Supplied data:
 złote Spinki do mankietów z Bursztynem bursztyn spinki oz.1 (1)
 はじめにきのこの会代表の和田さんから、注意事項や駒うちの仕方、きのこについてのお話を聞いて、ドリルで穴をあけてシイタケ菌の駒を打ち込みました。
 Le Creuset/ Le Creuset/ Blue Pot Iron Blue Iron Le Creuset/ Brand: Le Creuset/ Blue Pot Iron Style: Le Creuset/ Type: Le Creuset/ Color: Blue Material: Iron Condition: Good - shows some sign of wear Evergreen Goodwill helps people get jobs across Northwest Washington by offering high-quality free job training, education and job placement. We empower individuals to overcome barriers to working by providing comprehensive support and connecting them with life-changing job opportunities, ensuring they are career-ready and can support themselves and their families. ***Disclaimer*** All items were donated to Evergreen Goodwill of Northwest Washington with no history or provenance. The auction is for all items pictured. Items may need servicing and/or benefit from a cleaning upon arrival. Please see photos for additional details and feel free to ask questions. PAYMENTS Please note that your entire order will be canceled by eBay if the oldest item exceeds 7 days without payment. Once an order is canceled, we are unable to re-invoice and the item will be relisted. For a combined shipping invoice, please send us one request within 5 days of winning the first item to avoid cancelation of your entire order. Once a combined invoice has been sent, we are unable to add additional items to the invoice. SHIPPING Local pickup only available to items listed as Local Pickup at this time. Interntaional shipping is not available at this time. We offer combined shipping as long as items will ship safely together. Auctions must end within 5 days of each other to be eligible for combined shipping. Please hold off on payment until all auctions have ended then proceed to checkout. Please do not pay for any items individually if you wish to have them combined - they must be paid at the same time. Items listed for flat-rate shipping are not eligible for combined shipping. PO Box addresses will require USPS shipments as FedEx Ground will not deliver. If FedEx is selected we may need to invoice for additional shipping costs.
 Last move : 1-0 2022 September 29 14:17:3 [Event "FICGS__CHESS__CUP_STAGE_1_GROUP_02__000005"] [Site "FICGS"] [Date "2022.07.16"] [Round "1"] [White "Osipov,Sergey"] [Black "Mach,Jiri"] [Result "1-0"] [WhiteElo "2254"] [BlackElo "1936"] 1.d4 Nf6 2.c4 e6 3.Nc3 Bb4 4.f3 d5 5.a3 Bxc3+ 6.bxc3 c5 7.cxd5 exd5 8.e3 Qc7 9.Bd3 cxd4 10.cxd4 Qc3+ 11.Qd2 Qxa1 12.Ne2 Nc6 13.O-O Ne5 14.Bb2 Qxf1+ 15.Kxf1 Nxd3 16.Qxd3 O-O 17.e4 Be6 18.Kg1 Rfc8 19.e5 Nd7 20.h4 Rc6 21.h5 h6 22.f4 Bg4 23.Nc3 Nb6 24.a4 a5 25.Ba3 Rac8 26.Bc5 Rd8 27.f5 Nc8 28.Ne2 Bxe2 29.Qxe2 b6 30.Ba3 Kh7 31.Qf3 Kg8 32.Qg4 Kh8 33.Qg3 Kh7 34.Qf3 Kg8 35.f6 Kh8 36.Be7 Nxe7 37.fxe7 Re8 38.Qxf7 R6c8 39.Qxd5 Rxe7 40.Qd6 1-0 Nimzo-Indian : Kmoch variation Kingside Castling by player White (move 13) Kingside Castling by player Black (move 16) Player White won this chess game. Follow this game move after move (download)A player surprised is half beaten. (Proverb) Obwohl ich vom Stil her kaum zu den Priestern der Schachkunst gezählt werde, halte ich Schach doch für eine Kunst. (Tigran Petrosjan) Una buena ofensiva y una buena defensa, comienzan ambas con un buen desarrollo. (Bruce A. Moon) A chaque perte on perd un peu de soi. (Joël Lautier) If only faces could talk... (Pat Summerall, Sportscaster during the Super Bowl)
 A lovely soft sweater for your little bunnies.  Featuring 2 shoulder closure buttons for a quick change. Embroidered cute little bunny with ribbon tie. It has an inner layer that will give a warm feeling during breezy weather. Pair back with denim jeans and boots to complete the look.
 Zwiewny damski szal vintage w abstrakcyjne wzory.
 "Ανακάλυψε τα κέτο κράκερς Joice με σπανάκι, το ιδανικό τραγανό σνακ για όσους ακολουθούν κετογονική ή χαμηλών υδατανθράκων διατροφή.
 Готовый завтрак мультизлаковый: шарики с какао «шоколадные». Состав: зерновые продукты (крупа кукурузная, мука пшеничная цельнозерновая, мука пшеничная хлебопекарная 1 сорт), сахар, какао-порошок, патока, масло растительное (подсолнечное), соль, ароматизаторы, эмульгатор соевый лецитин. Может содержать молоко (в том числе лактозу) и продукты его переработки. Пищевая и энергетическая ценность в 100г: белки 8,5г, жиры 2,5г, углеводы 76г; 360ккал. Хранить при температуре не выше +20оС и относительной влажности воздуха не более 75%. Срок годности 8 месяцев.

About this exercise: Go through the listing and print each line exactly as it appears.

Answer for this exercise:
 złote Spinki do mankietów z Bursztynem bursztyn spinki oz.1 (1)
 はじめにきのこの会代表の和田さんから、注意事項や駒うちの仕方、きのこについてのお話を聞いて、ドリルで穴をあけてシイタケ菌の駒を打ち込みました。
 Le Creuset/ Le Creuset/ Blue Pot Iron Blue Iron Le Creuset/ Brand: Le Creuset/ Blue Pot Iron Style: Le Creuset/ Type: Le Creuset/ Color: Blue Material: Iron Condition: Good - shows some sign of wear Evergreen Goodwill helps people get jobs across Northwest Washington by offering high-quality free job training, education and job placement. We empower individuals to overcome barriers to working by providing comprehensive support and connecting them with life-changing job opportunities, ensuring they are career-ready and can support themselves and their families. ***Disclaimer*** All items were donated to Evergreen Goodwill of Northwest Washington with no history or provenance. The auction is for all items pictured. Items may need servicing and/or benefit from a cleaning upon arrival. Please see photos for additional details and feel free to ask questions. PAYMENTS Please note that your entire order will be canceled by eBay if the oldest item exceeds 7 days without payment. Once an order is canceled, we are unable to re-invoice and the item will be relisted. For a combined shipping invoice, please send us one request within 5 days of winning the first item to avoid cancelation of your entire order. Once a combined invoice has been sent, we are unable to add additional items to the invoice. SHIPPING Local pickup only available to items listed as Local Pickup at this time. Interntaional shipping is not available at this time. We offer combined shipping as long as items will ship safely together. Auctions must end within 5 days of each other to be eligible for combined shipping. Please hold off on payment until all auctions have ended then proceed to checkout. Please do not pay for any items individually if you wish to have them combined - they must be paid at the same time. Items listed for flat-rate shipping are not eligible for combined shipping. PO Box addresses will require USPS shipments as FedEx Ground will not deliver. If FedEx is selected we may need to invoice for additional shipping costs.
 Last move : 1-0 2022 September 29 14:17:3 [Event "FICGS__CHESS__CUP_STAGE_1_GROUP_02__000005"] [Site "FICGS"] [Date "2022.07.16"] [Round "1"] [White "Osipov,Sergey"] [Black "Mach,Jiri"] [Result "1-0"] [WhiteElo "2254"] [BlackElo "1936"] 1.d4 Nf6 2.c4 e6 3.Nc3 Bb4 4.f3 d5 5.a3 Bxc3+ 6.bxc3 c5 7.cxd5 exd5 8.e3 Qc7 9.Bd3 cxd4 10.cxd4 Qc3+ 11.Qd2 Qxa1 12.Ne2 Nc6 13.O-O Ne5 14.Bb2 Qxf1+ 15.Kxf1 Nxd3 16.Qxd3 O-O 17.e4 Be6 18.Kg1 Rfc8 19.e5 Nd7 20.h4 Rc6 21.h5 h6 22.f4 Bg4 23.Nc3 Nb6 24.a4 a5 25.Ba3 Rac8 26.Bc5 Rd8 27.f5 Nc8 28.Ne2 Bxe2 29.Qxe2 b6 30.Ba3 Kh7 31.Qf3 Kg8 32.Qg4 Kh8 33.Qg3 Kh7 34.Qf3 Kg8 35.f6 Kh8 36.Be7 Nxe7 37.fxe7 Re8 38.Qxf7 R6c8 39.Qxd5 Rxe7 40.Qd6 1-0 Nimzo-Indian : Kmoch variation Kingside Castling by player White (move 13) Kingside Castling by player Black (move 16) Player White won this chess game. Follow this game move after move (download)A player surprised is half beaten. (Proverb) Obwohl ich vom Stil her kaum zu den Priestern der Schachkunst gezählt werde, halte ich Schach doch für eine Kunst. (Tigran Petrosjan) Una buena ofensiva y una buena defensa, comienzan ambas con un buen desarrollo. (Bruce A. Moon) A chaque perte on perd un peu de soi. (Joël Lautier) If only faces could talk... (Pat Summerall, Sportscaster during the Super Bowl)
 A lovely soft sweater for your little bunnies.  Featuring 2 shoulder closure buttons for a quick change. Embroidered cute little bunny with ribbon tie. It has an inner layer that will give a warm feeling during breezy weather. Pair back with denim jeans and boots to complete the look.
 Zwiewny damski szal vintage w abstrakcyjne wzory.
 "Ανακάλυψε τα κέτο κράκερς Joice με σπανάκι, το ιδανικό τραγανό σνακ για όσους ακολουθούν κετογονική ή χαμηλών υδατανθράκων διατροφή.
 Готовый завтрак мультизлаковый: шарики с какао «шоколадные». Состав: зерновые продукты (крупа кукурузная, мука пшеничная цельнозерновая, мука пшеничная хлебопекарная 1 сорт), сахар, какао-порошок, патока, масло растительное (подсолнечное), соль, ароматизаторы, эмульгатор соевый лецитин. Может содержать молоко (в том числе лактозу) и продукты его переработки. Пищевая и энергетическая ценность в 100г: белки 8,5г, жиры 2,5г, углеводы 76г; 360ккал. Хранить при температуре не выше +20оС и относительной влажности воздуха не более 75%. Срок годности 8 месяцев.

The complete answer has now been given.